Addressing the rules

Engine suppliers are required to run a spec ECU from McLaren but they develop their own calibrations.

“The engine rules also allow us to create 2-sets of exhaust systems per race season so a significant amount of computer modeling and dyno time is spent experimenting with different exhaust system configurations,” says Ray. “Again, as soon as an exhaust system is identified as a performance increase, and it may be for an improvement in top-end power or improved mid-range performance. Unfortunately the two rarely go together, and we are back on the dyno and track to re-optimize the entire fuel system calibrations. Fuel and spark calibration, boost control, drivability and fuel consumption are very important to us so there is a never ending push to improve the engine performance from race to race.”
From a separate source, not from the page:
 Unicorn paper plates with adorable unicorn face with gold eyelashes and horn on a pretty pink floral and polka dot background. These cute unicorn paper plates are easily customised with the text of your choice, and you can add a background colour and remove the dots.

Two more views of the Chevy on 2013 cars. Note the extensive efforts to manage heat from the exhaust and turbo.

Chevy was required to run a pair BorgWarner EFR6578 turbos during the first two seasons. Rules allowed swapping A/R ratio, depending on the type of track. 

Next year, both Honda and Chevy will run the Borg Warner 7163 turbo as there was controversy at times over some tech issues and parity.
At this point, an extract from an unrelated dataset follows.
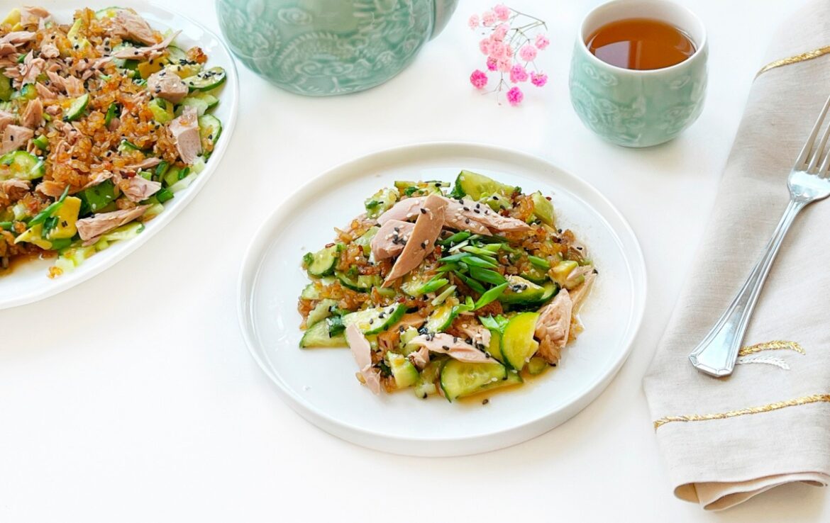 Prepare a salad dressing with avocados and tuna. Mix vegetable oil, rice vinegar, 2 teaspoons of ground ginger and soy sauce.
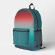 TEAL GRAY BLACK RED OMBRE & GEOMETRIC PATTERNS PRINTED BACKPACK

Honda also had heat-management issues to address.

“We’ve mandated twin turbos for 2014,” explains Phillips. “One of the things we’ve been through and learned how difficult it is: matching the four different levels of boost between a single and twin turbo is virtually impossible. You can’t do it. We’ve tried and had various arguments over that process. So, twin turbos for everyone in 2014.”

The boost levels will remain the same for 2014: 1.55 bar/22.5 psi for road courses, 1.4/20.3 for ovals, 1.3/18.9 for super speedways and 1.6/23.2 for the allowable periods of “push-to-pass” on road courses.

Chevy maintains a pool of 45 engines for its eight teams, although many of those teams field multiple cars and some race only at the Indy 500. Again, the duty cycle is being extended to 2,500 miles before an engine can be replaced, or else there will be a penalty. Engines are maintained by Ilmor’s Michigan facility where dedicated teams disassemble the engines as they return from the teams.

All teams runs the same McLaren ECU but the engine suppliers handle the calibrations.

“They’re very attuned to taking engines apart, so they know if this engine looks a little different or that one, after it’s been torn down,” explains Ray. “And then those guys will also be responsible for cleaning the parts, and then they go through nondestructive testing.”

Various components — such as the oil pumps or cylinder heads — will go off to subassembly sections for inspection and rebuild.

Helio Castroneves, inside car, and Ryan Hunter-Rhey, both ran Chevy power in 2013.

“And then the engines come back out of those particular subassembly areas,” adds Ray. “We have these large trolleys where effectively an engine kit will be put together.”

The engine number is basically dedicated to the block. After each rebuild it may have a different crank, cylinder heads and more.

“A lot of the components have different life cycles,” says Berube. “Some, we actually say to use until it’s cracked or there are certain parts that you wouldn’t necessarily throw away until you really see that there’s a problem. But most things – a connecting rod for example – you know, it has a finite life. And because we track every single mile the engine ever runs, we know exactly when those rods are going to need to be replaced.”

Exceptional durability

From a durability standpoint, Chevy and Ilmor says 2013 was exceptional.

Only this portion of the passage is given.